TASK TO COMPLETE
When you write out the listing below, keep each word exactly as it stands and drop the pictures.

SUPPLIED DATA
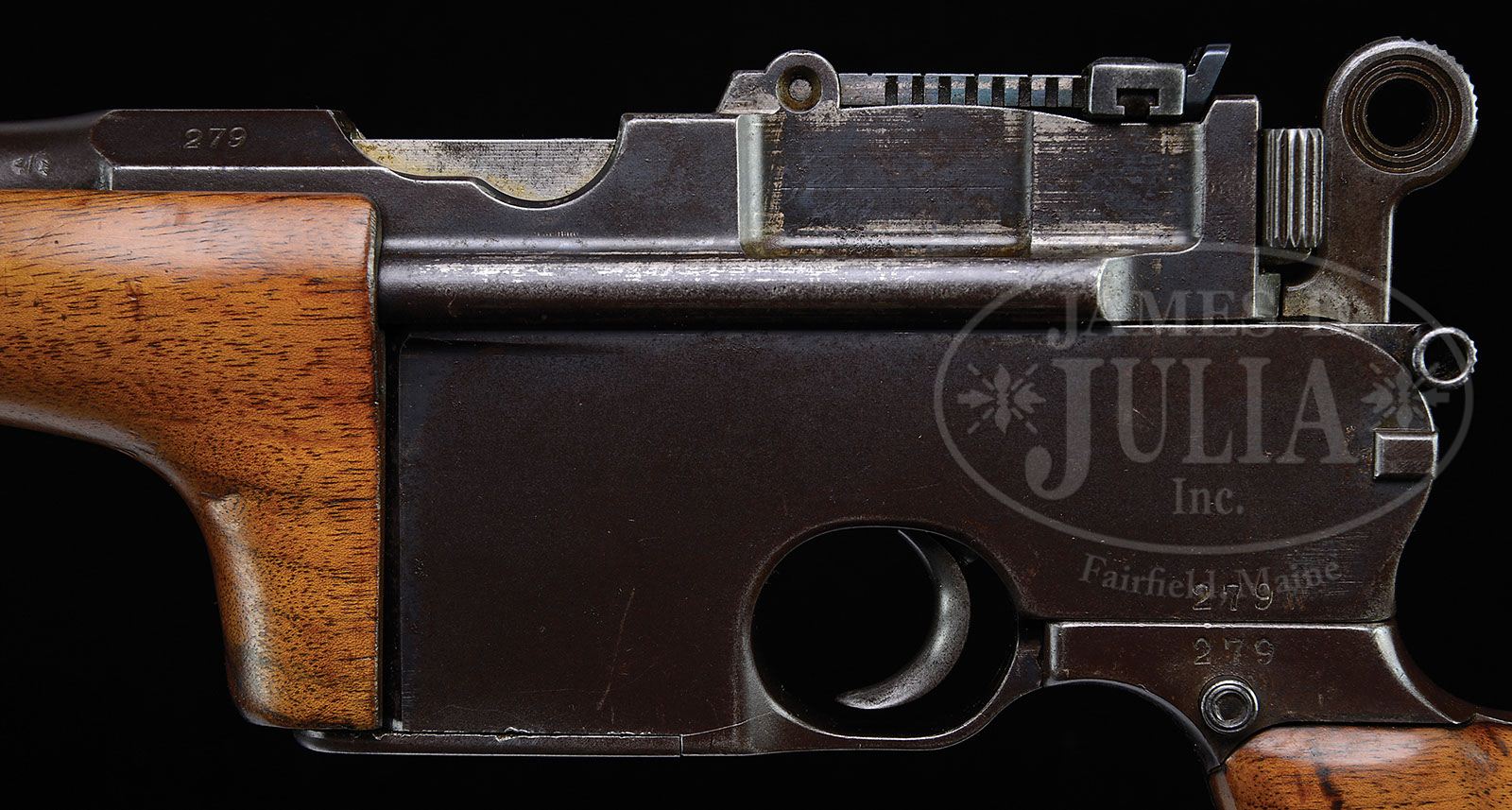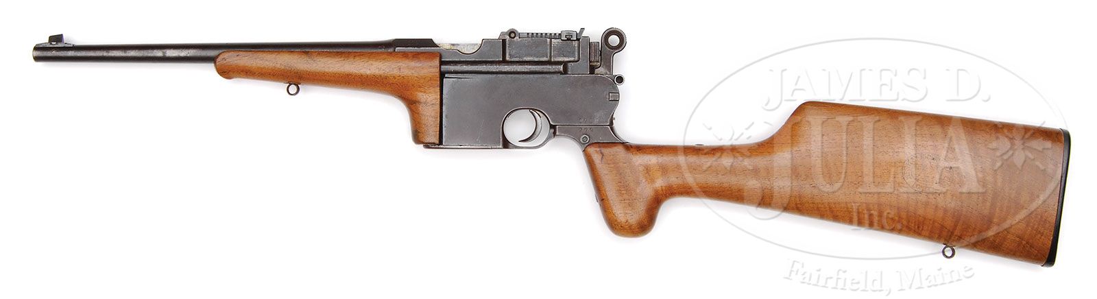 *MAUSER C96 FLATSIDE TRANSITIONAL CARBINE. SN 279. Cal. 7.63mm. Mauser made approx. 1,000 carbines that were numbered in a separate serial range. Characteristically, the chamber has longer flutes and the rails are solid. They have a distinctive forend and a push button detachable buttstock with a Mauser marked buttplate. This gun has a long extractor and slip-in 50-500 rear sight adjusted by a standard (non-grooved) cursor. Bolt has a separate firing pin retainer as used by the Conehammer and Early Transitional Large Ring pistols. Usual Mauser markings on chamber and full SN on left chamber flat that is repeated on the lower portion of the left frame and the left side of attaching iron. Sight assembly and back of hammer have matching SN and the large Westley Richards logo is marked on the left side on buttstock that has the correct Mauser buttplate. Gun comes with a modern leather covered hard case that is compartmentalized for the disassembled carbine. There are separate compartments for a sling, ammunition and a variety of cleaning supplies. Included in the case is a metal oil can whose base is stamped “Made in England”. Case was made by Nizzoli, whose name is marked on a plaque mounted on the inner lid. Brass corners serve to protect the case that is closed with a single brass latch under a leather handle. PROVENANCE: Ralph Merrill Collection CONDITION: Metal on carbine is in generally good condition with most of the surface having turned from a rust blue to a mellow brown patina. Remnants of blue are in the protected areas around the rear bbl extension. Extractor, sight bar and safety have most of their original fire blue finish while of the fire blue from the cursor and bolt stop has faded. Wood is original but sanded and refinished. Even though refinished, the Westley Richards logo on the buttstock can be readily seen. Wear on buttplate is commensurate with the wear on the balance on the carbine. Sling and case are excellent with only minor handling and storage scuffs. (C&R). 4-47302 LMA109 (8,000-15,000)
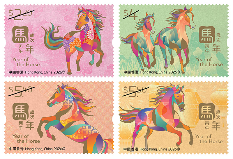 十二生肖文化底蕴深厚,承载着中华传统的重要象征。为迎接丙午马年,香港邮政发行贺岁生肖邮票第五辑的第三套。整套邮票包含四枚邮票及两张邮票小型张,各以不同姿态的骏马为主题。
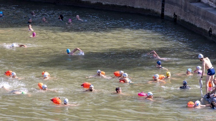 Athletes swimming next to a drainage pipe in the River Seine… pic.twitter.com/deuVVR3Zod
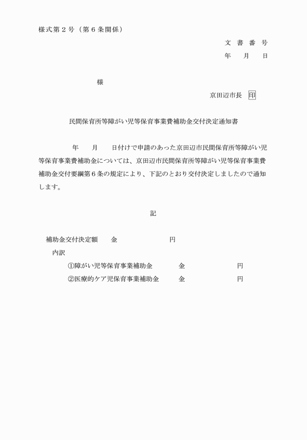 ○京田辺市民間保育所等障がい児等保育事業費補助金交付要綱
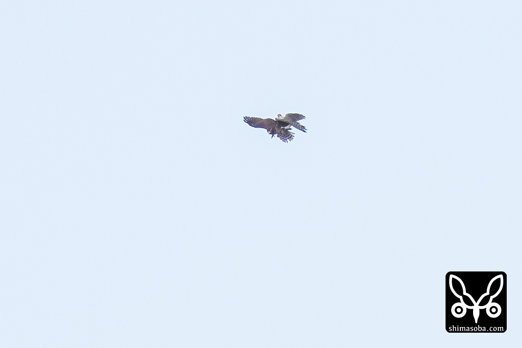 ツミに襲撃されるサシバ。ツミがサシバの尾羽に噛みついています。
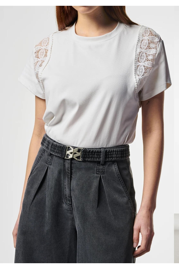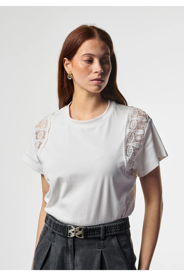 Maak kennis met de Aaiko CEYDA CO 177, een stijlvol dames T-shirt met korte mouwen in een frisse off-white kleur. Perfect voor de Nederlandse zomerdagen, dit veelzijdige shirt is een must-have voor elke garderobe.

WORKED SOLUTION
 *MAUSER C96 FLATSIDE TRANSITIONAL CARBINE. SN 279. Cal. 7.63mm. Mauser made approx. 1,000 carbines that were numbered in a separate serial range. Characteristically, the chamber has longer flutes and the rails are solid. They have a distinctive forend and a push button detachable buttstock with a Mauser marked buttplate. This gun has a long extractor and slip-in 50-500 rear sight adjusted by a standard (non-grooved) cursor. Bolt has a separate firing pin retainer as used by the Conehammer and Early Transitional Large Ring pistols. Usual Mauser markings on chamber and full SN on left chamber flat that is repeated on the lower portion of the left frame and the left side of attaching iron. Sight assembly and back of hammer have matching SN and the large Westley Richards logo is marked on the left side on buttstock that has the correct Mauser buttplate. Gun comes with a modern leather covered hard case that is compartmentalized for the disassembled carbine. There are separate compartments for a sling, ammunition and a variety of cleaning supplies. Included in the case is a metal oil can whose base is stamped “Made in England”. Case was made by Nizzoli, whose name is marked on a plaque mounted on the inner lid. Brass corners serve to protect the case that is closed with a single brass latch under a leather handle. PROVENANCE: Ralph Merrill Collection CONDITION: Metal on carbine is in generally good condition with most of the surface having turned from a rust blue to a mellow brown patina. Remnants of blue are in the protected areas around the rear bbl extension. Extractor, sight bar and safety have most of their original fire blue finish while of the fire blue from the cursor and bolt stop has faded. Wood is original but sanded and refinished. Even though refinished, the Westley Richards logo on the buttstock can be readily seen. Wear on buttplate is commensurate with the wear on the balance on the carbine. Sling and case are excellent with only minor handling and storage scuffs. (C&R). 4-47302 LMA109 (8,000-15,000)
 十二生肖文化底蕴深厚,承载着中华传统的重要象征。为迎接丙午马年,香港邮政发行贺岁生肖邮票第五辑的第三套。整套邮票包含四枚邮票及两张邮票小型张,各以不同姿态的骏马为主题。
 Athletes swimming next to a drainage pipe in the River Seine… pic.twitter.com/deuVVR3Zod
 ○京田辺市民間保育所等障がい児等保育事業費補助金交付要綱
 ツミに襲撃されるサシバ。ツミがサシバの尾羽に噛みついています。
 Maak kennis met de Aaiko CEYDA CO 177, een stijlvol dames T-shirt met korte mouwen in een frisse off-white kleur. Perfect voor de Nederlandse zomerdagen, dit veelzijdige shirt is een must-have voor elke garderobe.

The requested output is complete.